PROBLEM TO SOLVE
Restate word for word the lines below from the one that has "White Ankle Socks" through the one that has "Figure 1: Photograph", keeping both and dropping all pictures.

SUPPLIED DATA
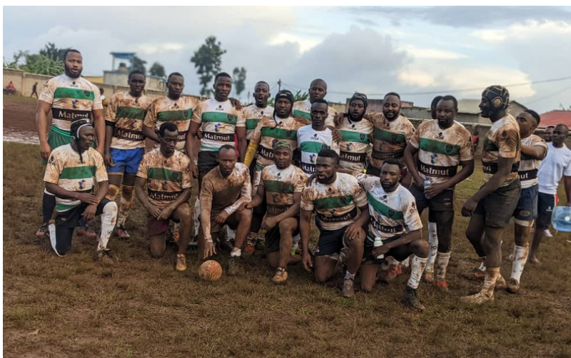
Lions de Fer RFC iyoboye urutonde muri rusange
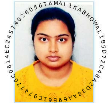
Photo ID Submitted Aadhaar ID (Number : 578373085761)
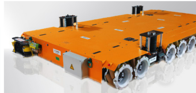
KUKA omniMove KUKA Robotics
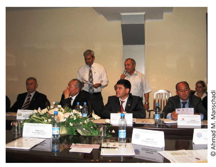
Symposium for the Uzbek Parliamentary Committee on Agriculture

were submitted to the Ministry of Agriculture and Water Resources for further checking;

==

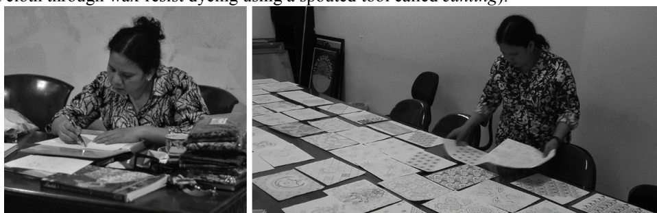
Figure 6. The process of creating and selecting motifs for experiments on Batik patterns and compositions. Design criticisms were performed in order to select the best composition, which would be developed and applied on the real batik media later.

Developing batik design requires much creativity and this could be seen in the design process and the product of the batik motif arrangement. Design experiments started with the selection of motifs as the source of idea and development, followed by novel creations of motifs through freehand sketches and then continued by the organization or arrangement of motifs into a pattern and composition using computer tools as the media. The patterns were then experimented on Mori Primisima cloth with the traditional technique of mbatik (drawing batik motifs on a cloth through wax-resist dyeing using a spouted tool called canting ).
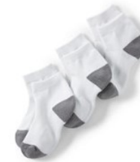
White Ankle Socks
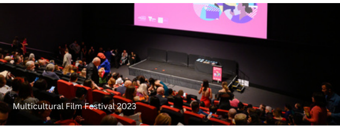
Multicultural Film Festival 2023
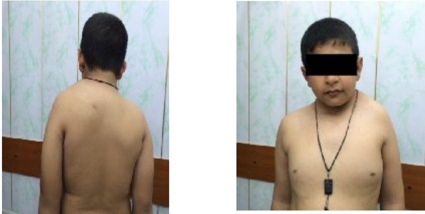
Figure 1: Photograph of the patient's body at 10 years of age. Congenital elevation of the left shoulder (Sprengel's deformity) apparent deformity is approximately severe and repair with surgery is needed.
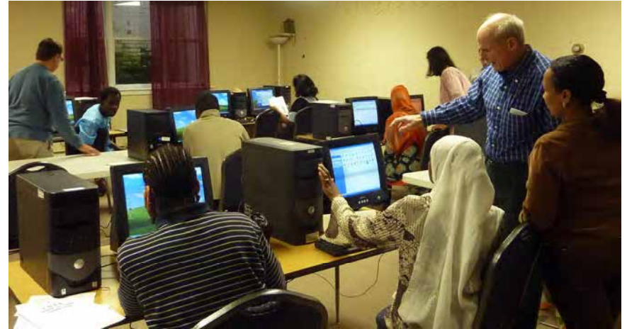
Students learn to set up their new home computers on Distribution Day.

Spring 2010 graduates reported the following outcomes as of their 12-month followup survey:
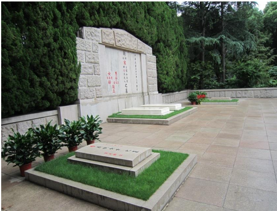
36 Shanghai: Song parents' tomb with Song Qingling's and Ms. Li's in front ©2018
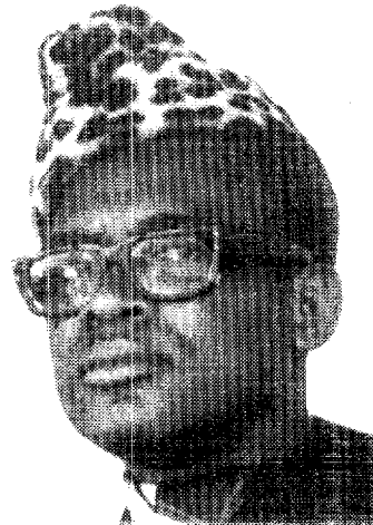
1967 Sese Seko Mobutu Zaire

PROBLEM SOLUTION
White Ankle Socks
Multicultural Film Festival 2023
Figure 1: Photograph of the patient's body at 10 years of age. Congenital elevation of the left shoulder (Sprengel's deformity) apparent deformity is approximately severe and repair with surgery is needed.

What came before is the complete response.